When Distraction Is Killing Your Creativity (and how to stop the spiral)
I have been looking at and re-examining my relationship with distraction and presence in all parts of my life but particularly in regards to my creativity.
Specifically, when a distraction is for the good of my creativity or at its detriment and how I can cultivate more deep presence to allow for the channeling of more of my creativity.
When I am resisting my creativity I notice there are certain thought patterns I ruminate on, memories I think about or "non-expansive" daydreaming (daydreaming that keeps me stuck in certain old cycles vs. dreaming of different possibilities).
I also tend to suddenly have a very long to-do list, an over focus on my business and the over-consumption / non-intentional consumption of others' thoughts and creativity (i.e social media) disguised as "inspiration."
None of these usually feed my creativity and often times continue to feed the cycle of avoidance and the shame spiral that "I should be doing something more creative right now" or "other people are more creative than me."
Understanding how I can cultivate more presence (I've been inspired by some of Prentis Hemphill's work), is not only helping me shift out of unhelpful distraction but it also helps me see how I can turn distraction into inspiration.
For example, scrolling on social media mindlessly and calling in "presence" reminds me that I can either change my energy around my scrolling to actually look for points of inspiration or I can actually stop what I am doing and choose to do something creative.
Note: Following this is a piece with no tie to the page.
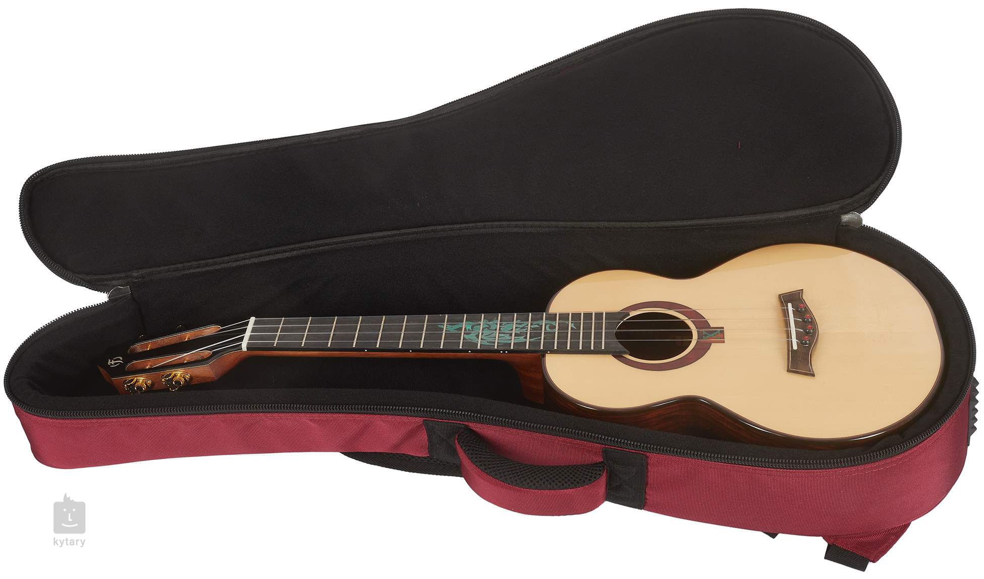 A10SC Cocobolo Dragon to luksusowe ukulele tenorowe o całkowicie masywnej konstrukcji z serii Anniversary Series marki Flight. Seria A10 obejmuje wyłącznie ręcznie wykonane instrumenty pochodzące z warsztatów mistrzów lutnictwa. Przednia płyta ukulele jest wykonana z północnoamerykańskiego świerku (świerk Engelmanna), tylna płyta i boki są wykonane z tropikalnego drewna cocobolo o absolutnie ekskluzywnym usłojeniu. Do mahoniowego gryfu przyklejony jest hebanowy podstrunnica z dziewiętnastoma progami. Podstrunnicę zdobi wyraźna turkusowa intarsja przedstawiająca smoka – symbol słoweńskiej Lublany. Struny są zamocowane przez zerowy i kompensowany mostek z kości w stroikach na główce (slotted headstock) o oryginalnym designie i hebanowym mostku. Luksusowe wykończenie podkreśla rozeta z drewna sekwoi z rzymską cyfrą „X” upamiętniającą dziesiątą rocznicę oraz czarna obwódka z czerwoną wkładką. Ukulele jest dostarczane w luksusowym futerale (deluxe gig bag). Słoweńska marka Flight to kolejna interesująca pozycja wśród producentów ukulele. Oferuje szeroką gamę tych popularnych, kompaktowych instrumentów w klasycznych i mniej tradycyjnych kształtach oraz standardowych rozmiarach. Początkujących graczy i wędrowców z duszą muzyka ucieszą wysokiej jakości, niedrogie modele ukulele wykonane z klasycznego i egzotycznego drewna w naturalnych i kolorowych wykończeniach lub modele podróżne z serii Travel Series z korpusem z wytrzymałego tworzywa sztucznego. Nie zostaną pominięci nawet bardziej wymagający muzycy i profesjonalni gracze, którzy mogą wybierać spośród najwyższej jakości modeli elektroakustycznych ukulele z półmasywnym lub całkowicie masywnym korpusem.

Alternatively, I am noticing that when I choose to bring in more presence to *anything* I am doing, it immediately brings in more possibility for creativity:
If I am doing "non-expansive" rumination, how can I shift to more possibility based day dreaming?
If I am working on my business, what's one way I can bring more creativity in in this moment?
If I am going on a walk, how can I notice the flowers? The sky? The wind against my face? Nature is the forever creative source.
If I am doing something I don't historically like doing, how could bringing in more presence make it more creative? How can I add some razzle dazzle?